We say again: Snitker is 66. He has had enough experience and success to be set in his ways, but he isn’t. He’s willing to try just about anything. On Saturday, he announced that Dylan Lee, who was cut by the Marlins and who hadn’t worked a big-league inning until Oct. 1, would start Game 4 against Zack Greinke, a Cy Young winner.

This marks the Braves’ fourth consecutive playoff run under Snitker. They’ve grown up under his stewardship. They’re closer to a World Series title than any band of Braves has been since 1996. In previous Octobers, Snitker was guarded. He has showed more emotion this time, these up-from-oblivion Braves having become his favorite of the bunch. Also: His son, Troy, is the Astros’ hitting coach; they’ve held joint press conferences and photo ops. He choked up after Game 3, not over his move to remove Anderson, but he recalled Hank Aaron, who hired him as a minor-league manager way back when.

“I got to hug Billye …,” Snitker said, speaking of Aaron’s wife, and he paused for 10 seconds, “… and tell her how much I missed Hank.”

In his younger days, Snitker would pop into Aaron’s office over the winter, just to talk baseball and pick the great man’s mind. He would do the same with Cox, spending a half-hour before games at Turner Field in what was known as the radar room – Cox loved the Weather Channel – but became Cox’s hideaway. (If you were allowed in the door, it meant he liked you.)

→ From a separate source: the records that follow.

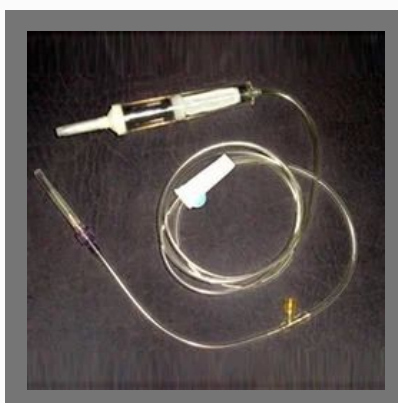
Blood Transfusion Y-Connector Set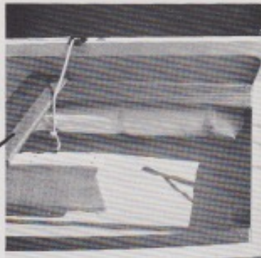
Large cockpit area with broad side benches under which the extra inflatable buoyancy bags are stowed.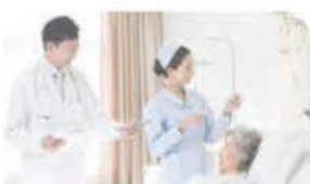
Medical and healthcare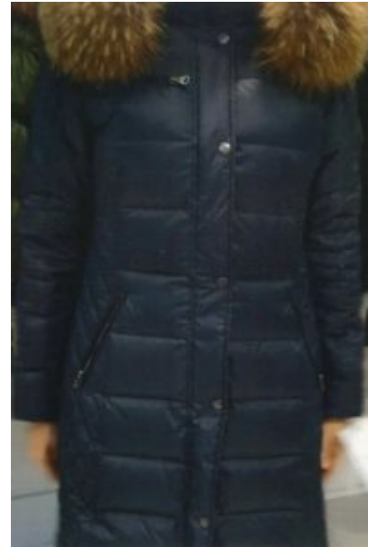
Denasia's sample jacket

The main question before the Court was to determine whether Denasia's prototype- and sample jacket constituted an infringement of SAKI's rights under the Community Design Regulation ("CDR") and the Danish Marketing Practices Act ("MPA").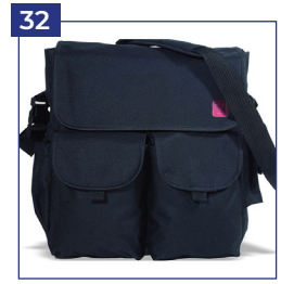
32 Accessory and diaper bag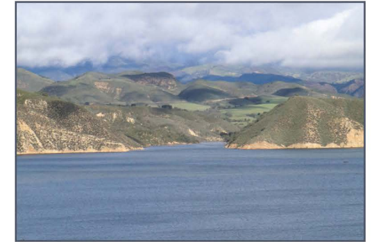
WINTER 2023 - 100%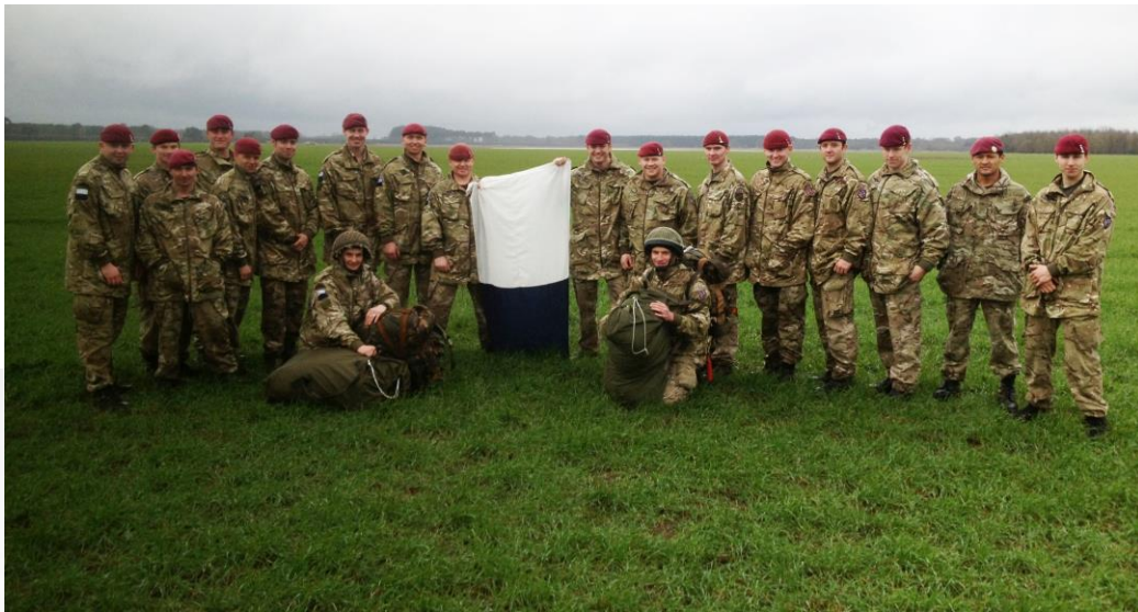
The RQ's final jump

In 2016, Snitker was managing Triple-A Gwinnett. He was 60. He’d never been seriously considered to manage the Braves. He’d resigned himself to reaching retirement without having been handed a big-league team. The big-league Braves started 9-28, forcing John Hart and John Coppolella to fire Gonzalez and tap Snitker as interim manager. After his first partial season ended nicely, they extended his contract for a year, which was a sign of thanks more than a vote of confidence.

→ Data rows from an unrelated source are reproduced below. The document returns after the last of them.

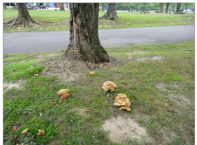
Figure 15. Fungal fruiting bodies in the root zone indicate defects which include decaying roots.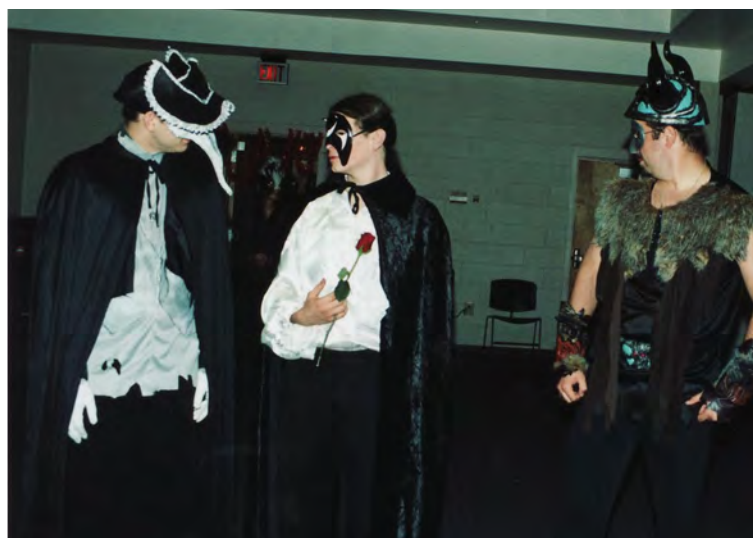
Masquerade Ball 2007.

event of the convention. Man I tell ya!, they love to compete against one another. The whole reason I went on the trip was to have fun, meet new people, get away from school and take pictures so I could post them up on my web site. If you have any more questions, come look us up in the lounge in the 410 Bldg. ●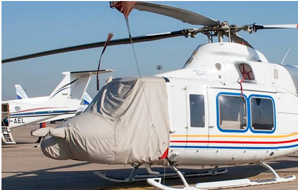
Bell 412 Cockpit/Canopy/Nose Cover, w/Radome

Canopy/Nose Covers enclose the entire canopy including the windshield, skylights, and chin bubble. Attachment buckles are made of nonmetal Delrin , designed for rugged outdoor use. Both the top and bottom hems of the cover have a special rope-hem feature with which they can be tightened to help prevent abrasive chafing of the windshield. Pockets are sewn into the cover for the temperature probe and pitot tubes. The bubble cover is reinforced with patches at hinge points, door handles, and for the windshield wipers. For ease of installation, the bubble cover is color-coded (red=left, green=right) with color swatches sewn into the corners. This cover type is made from Silver Acrylic Sunbrella canvas and is 100% lined with a soft and smooth microfiber. Bruce's Custom Covers developed this material combination especially for aircraft protection. The outer material is medium weight and treated for water resistance, UV resistance and anti-static buildup. The inner lining is a very soft and smooth microfiber to prevent scratching. The material is very reflective, and tests show that the cabin interior temperature can be reduced to near-ambient temperature on the hottest of days. It is water, ice and snow repellent, yet breathable to allow moisture to escape from between the cover and the aircraft surface.

Had Coppolella not been forced out as GM a year later, Snitker might well have been out of a job. The MLB investigation into misdeeds in the international talent market swept Coppolella and eventually Hart aside. Snitker was the last man standing. His teams haven’t finished anywhere but first since.

On the day the World Series began, Snitker was asked if, had he never gotten to manage in the majors, would he have been OK with that? His response: “I thought in ‘16 it was probably off the table when I left that time in that last recycle (being removed from the big-league staff after the 2013 season and assigned to Gwinnett) like that. When (becoming interim manager) happened, it’s like, ‘Absolutely, I’ll try this.’ "

Then: “I couldn’t imagine how great this has been and what’s transpired since that time because I wasn’t looking for that. I wasn’t expecting it. When I got the call, that’s not what I was expecting to hear. I’ve been blessed to be able to be in this position.”

Then: “I think this happened to me at a really good time in my life. I’m probably better versed to handle this position later in my career than I would have been earlier.”

You didn’t hear it here first, but here it is now: Brian Snitker is the right man to manage the Braves – for as long as he wants.